PROBLEM STATEMENT: Write out, please, each line from the one containing "2017年1月11日晚19:00,一场主" to the final line of the data, both included, exactly and without pictures.

COLLECTED MATERIAL:

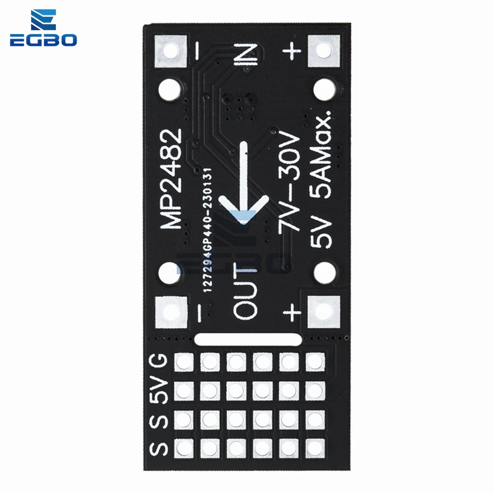 Enhance your electronic projects with this high-quality DC-DC step-down module, featuring the MP2482 SY8205 chip and a sleek black SMD design. Operating from 7V to 24V input, it reliably converts power to a stable 5V output at up to 5A, making it ideal for powering devices like Raspberry Pi and other low-voltage electronics. The module boasts a professional, organized layout with clearly marked input and output terminals, compact size, and customized options. Its robust, industrial aesthetic combines metallic-encased inductors and precise surface-mount components, offering both technical performance and a modern, utilitarian appearance—perfect for your advanced electronic setups.
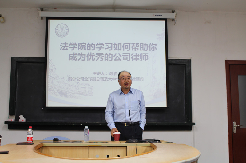 2017年1月11日晚19:00,一场主题为“法学院的学习如何帮助你成为优秀的公司律师”的专题讲座在我院B520举行。本次主讲人为戴尔公司的全球副总裁及大中华区总法律顾问刘激先生。我院何丽新老师也参加并主持了本次讲座。
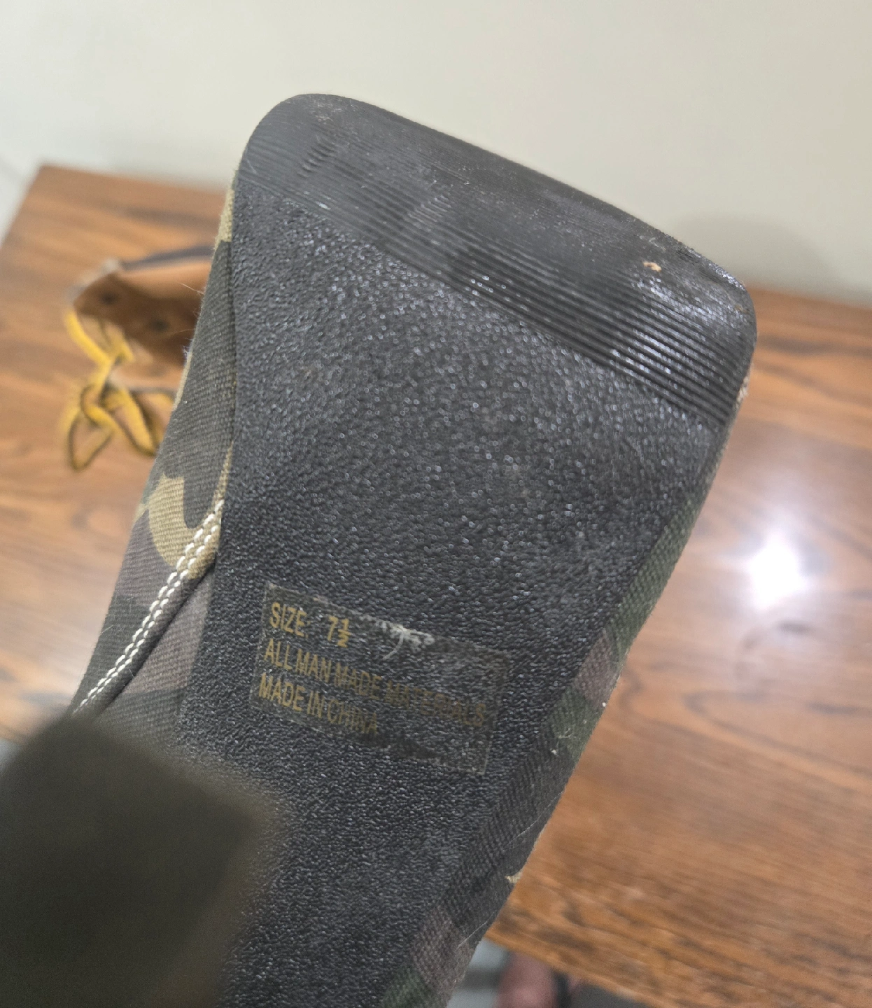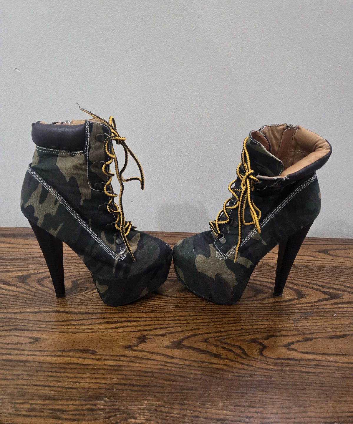 These are camouflage platform heel boots in a women's size 7.5. They have laces and a zipper on the side. They have only been worn a few times.

COMPLETED EXERCISE:
 2017年1月11日晚19:00,一场主题为“法学院的学习如何帮助你成为优秀的公司律师”的专题讲座在我院B520举行。本次主讲人为戴尔公司的全球副总裁及大中华区总法律顾问刘激先生。我院何丽新老师也参加并主持了本次讲座。
 These are camouflage platform heel boots in a women's size 7.5. They have laces and a zipper on the side. They have only been worn a few times.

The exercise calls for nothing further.